Se a rede social criada por Mark Zuckerberg fosse um espaço público de interação social, o seu comportamento reger-se-ia pela Constituição e pelas leis. Como o Facebook é uma empresa que criou um serviço, responde pelas leis comerciais, não precisa de ser democraticamente equidistante, E, sobretudo, mesmo que dê a ilusão disso, não construiu um mundo virtual livre para a interação humana. Não é uma organização de beneficência, é uma empresa ávida de lucrar com uma fórmula de negócio brilhante, escondida num algoritmo informático.
O Facebook é um algoritmo que pretende ditar quem somos, limitar-nos a xis características e contentar-nos num mundo interativo o menos conflituoso possível (os conflitos não são bons para o negócio) onde as pessoas que gostam do amarelo, de ver filmes sobre o amarelo, de ouvir músicas inspiradas no amarelo podem viver felizes para sempre falando do amarelo. Pelo meio, a rede vai-nos vendendo todo o amarelo possível em anúncios perfeitamente direcionados.
O que o Facebook – ou o seu algoritmo Big Brother que sabe o que somos, o que queremos, aquilo a que aspiramos através dos interesses manifestados em algum ponto – pretende é fechar-nos numa redoma confortável de cor amarela e evitar-nos o desconforto de ver outras cores ou ouvir pessoas que não gostam mesmo nada do amarelo.
Como se o ser humano não pudesse, não devesse, não existisse para ser um poço de contradições, o algoritmo transforma-nos numa coleção de sinais e alimenta (e alimenta-se) essa coleção de sinais.
A decisão tomada pelo jornal “Folha de São Paulo” na semana passada de deixar de publicar no Facebook é, neste mundo das interações sociais por via digital, uma decisão corajosa, mas necessária, também, para a sobrevivência dos jornais, do jornalismo, das opiniões contraditórias, da democracia e do ser humano enquanto entidade complexa e contraditória.
Se temos tantas cores, por que razão nos teríamos de contentar só com o amarelo? Se temos a nossa opinião, por que razão teremos de só ler ou ouvir a opinião daqueles que pensam como nós? Porque não ouvir o outro lado?

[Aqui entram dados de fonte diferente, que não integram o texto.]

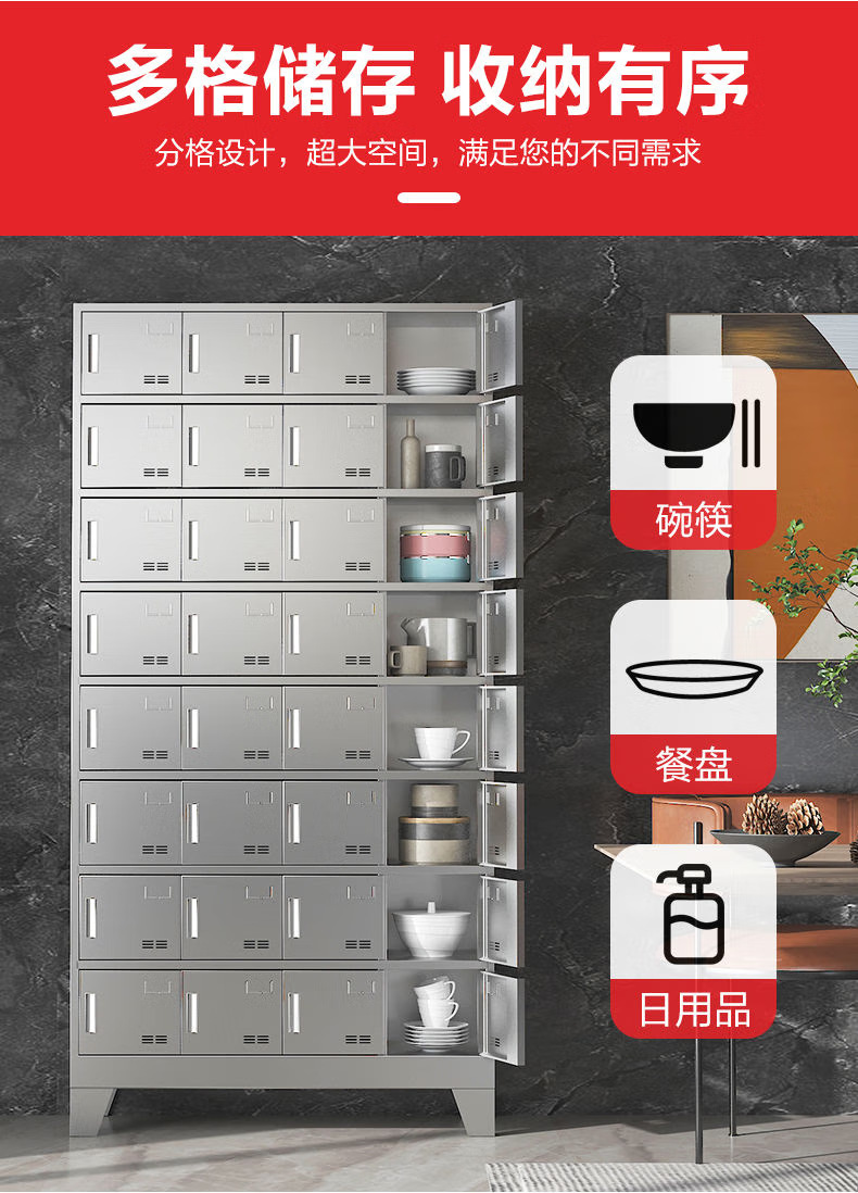 스테인레스 스틸 캔틴 찬장 학교 식기 캐비닛 레스토랑 직원 식사 트레이 캐비닛 직원 멀티 도어 멀티 그리드 도시락 보관 캐비닛스토어 가기
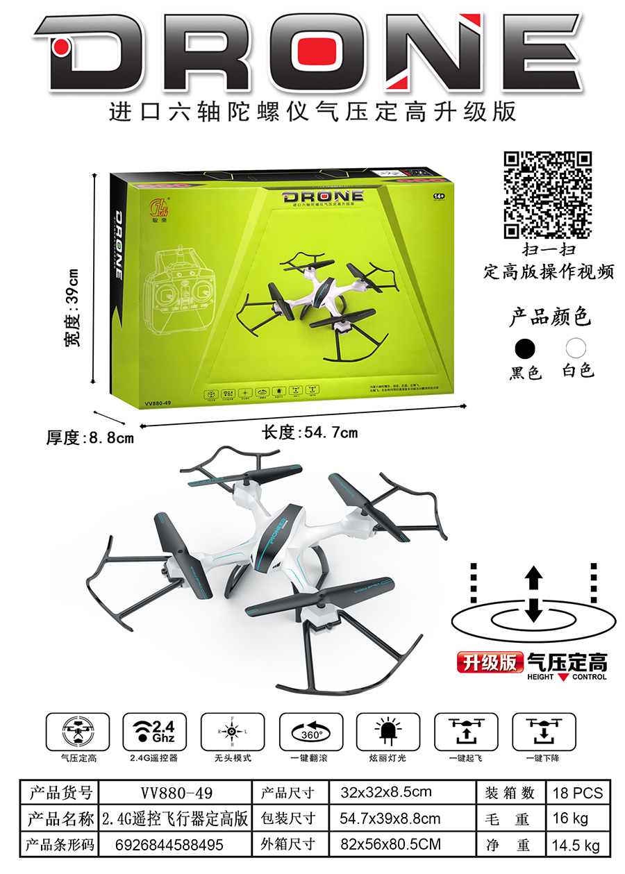 产品名称:气压定高四轴飞行器
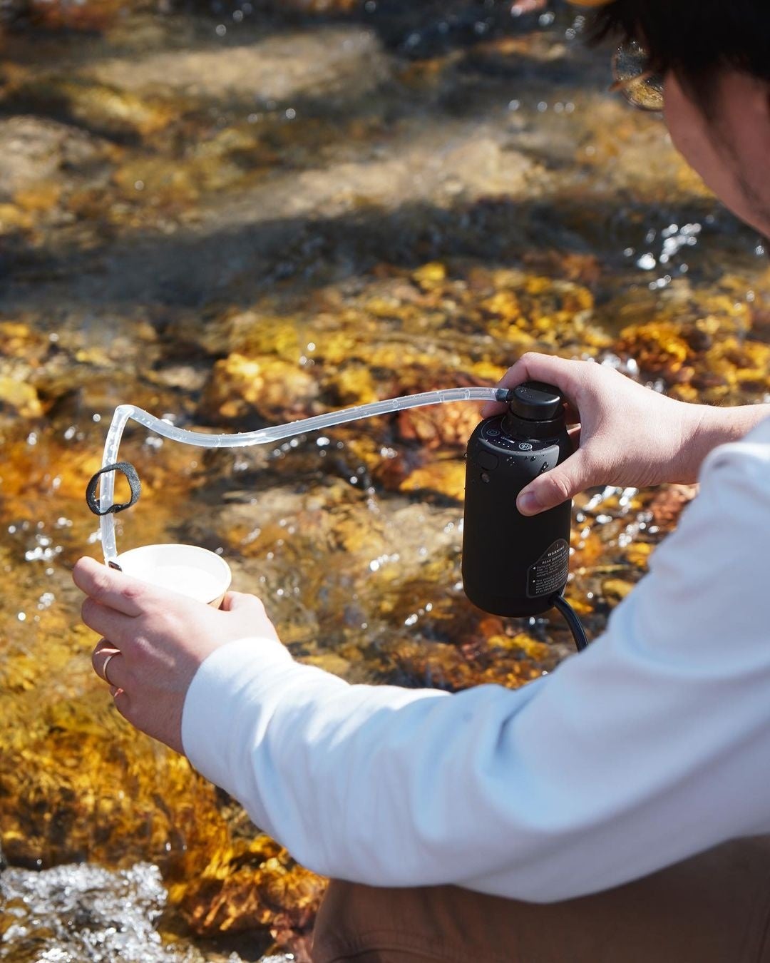 自然の水を、飲用可能な水に変えることのできるデバイスが、クラウドファンディングサイトにて先行発売致します。水源から1メートル離れた場所から、リチウムバッテリー駆動で自動的に取水が出来るので、非常に便利な上に、安全です。

Saber o que pensam e como argumentam os adoradores do vermelho?
Ter opinião implica saber defender essa opinião, conseguir os melhores argumentos, saber como montar um discurso e saber como desmontar o do outro.
Quando, nos anos 1990, começámos a aventurar-nos no mundo da internet, aquilo que nos diziam é que se tratava de um espaço de liberdade, sem os condicionalismos governamentais e muitas das restrições do mundo real onde nos movemos. Passadas duas décadas, a internet está a tornar-se um espaço pejado de condicionalismos, e cada vez menos de liberdade. Um mundo onde uma pesquisa no Google se torna menos um mergulho num arquivo vivo de conhecimento para se tornar uma dor de cabeça, cerceados por língua, espaço geográfico, pretensos gostos, pesquisas anteriores, em suma, por um emaranhado que transforma a rede numa rede que nos aprisiona num mundo pré-concebido que enche de escolhos o caminho para o conhecimento novo.
No extremo, o algoritmo deixa-nos presos num mundo limitado pelos nossos conhecimentos, impedidos de ir mais além. Onde o algoritmo se transforma num “algozritmo”.
A ação do “Folha de São Paulo” é um sinal de que se pode reagir à tirania das redes sociais e procurar sobreviver no intento. É certo que o jornal brasileiro tomou essa decisão porque a nova política imposta pelo Facebook, supostamente para diminuir as fake news, privilegia as interações pessoais em detrimento da relação com as empresas, mesmo as jornalísticas. Mas não é menos certo que o tráfego gerado pelo Facebook ainda é importante para qualquer meio perder essa forma de atrair leitores.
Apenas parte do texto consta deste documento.